- The prototype EOS 001

General information
- Type: Homebuilt aircraft
- National origin: United States
- Manufacturer: Airmotive Engineers
- Status: Production completed
- Number built: At least two

History
- Introduction date: 1978

= Airmotive EOS 001 =

American homebuilt aircraft

The Airmotive EOS 001 is an American homebuilt aircraft that was designed and produced by Airmotive Engineers of Pontiac, Michigan. The aircraft was supplied as a kit for amateur construction, but is no longer available.

==Design and development==
The aircraft features a cantilever low-wing, a single-seat, enclosed open cockpit under a bubble canopy, retractable tricycle landing gear and a single engine in tractor configuration.

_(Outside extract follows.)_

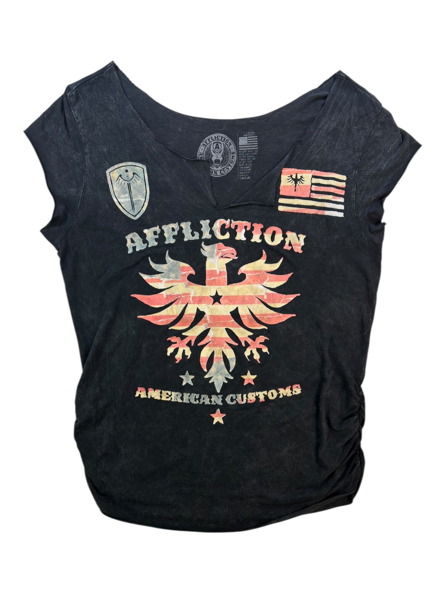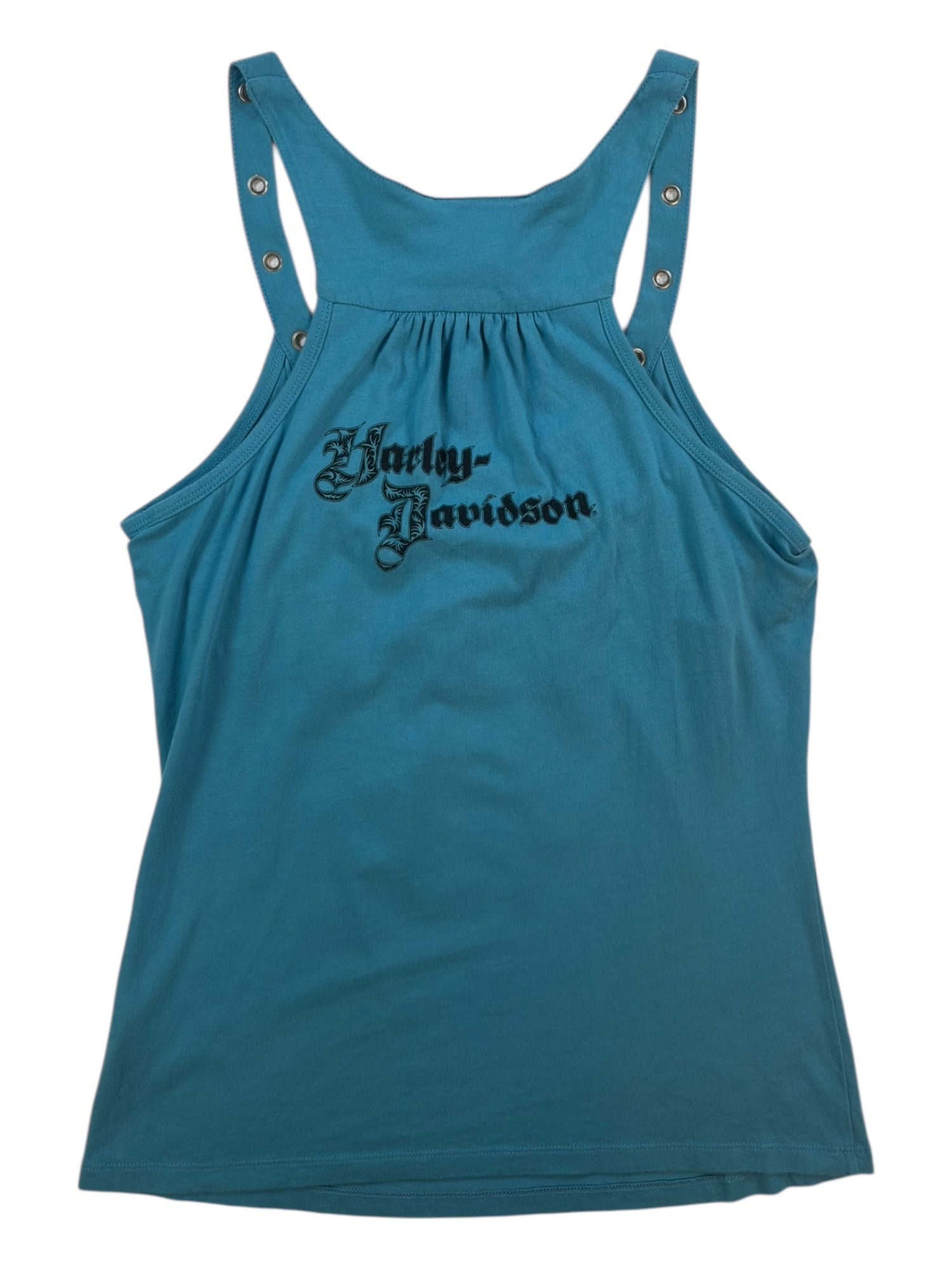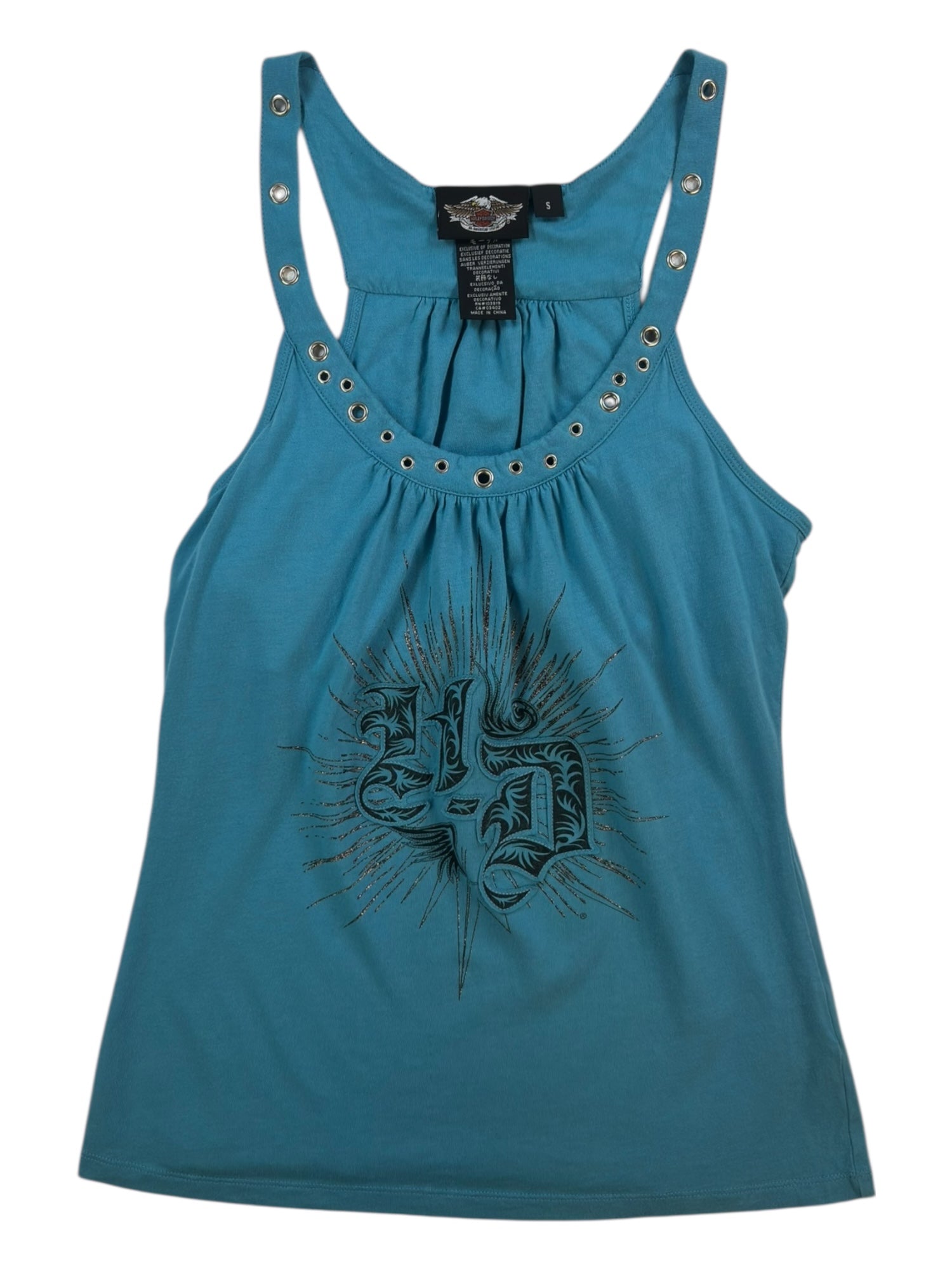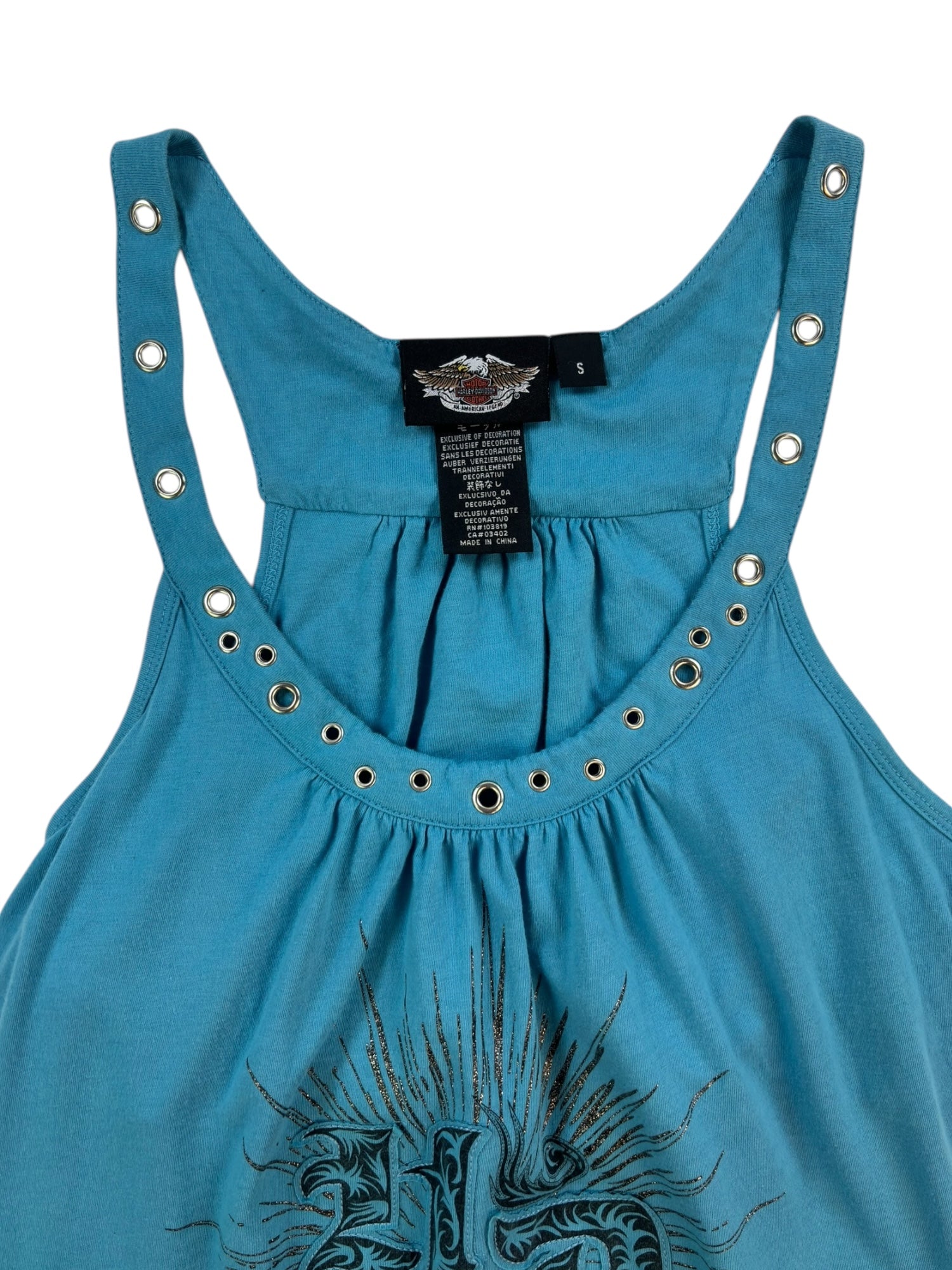 (S/M) Harley Davidson Glitter Graphic V-Neck Baby Tee

The aircraft is made from bonded and pop riveted aluminum sheet and has a 26.0 ft span wing. Optimized for simplicity of construction, the design has no compound curves and requires no jigs or special tools. The standard engine intended to be supplied with the kit was the 55 hp two-stroke Hirth 2702 powerplant with a reduction gearbox that allowed the propeller to operate at lower tip speeds. This engine permits the EOS 001 to cruise at 187 mph and achieve a top level speed of 200 mph. The prototype was equipped with a Volkswagen air-cooled engine.

The aircraft has an empty weight of 320 lb and a gross weight of 750 lb, giving a useful load of 430 lb. With full fuel of 20 u.s.gal the payload is 310 lb.

In 1978 the claimed completion cost was US$2,000, not counting labor.

==Operational history==
The prototype EOS 001 was registered in the United States with the Federal Aviation Administration (FAA) in 1978.

By October 2013 two examples, including the prototype, had been at one time registered in the United States with the FAA, but both registrations were later canceled and it is likely that no examples of this type exist today.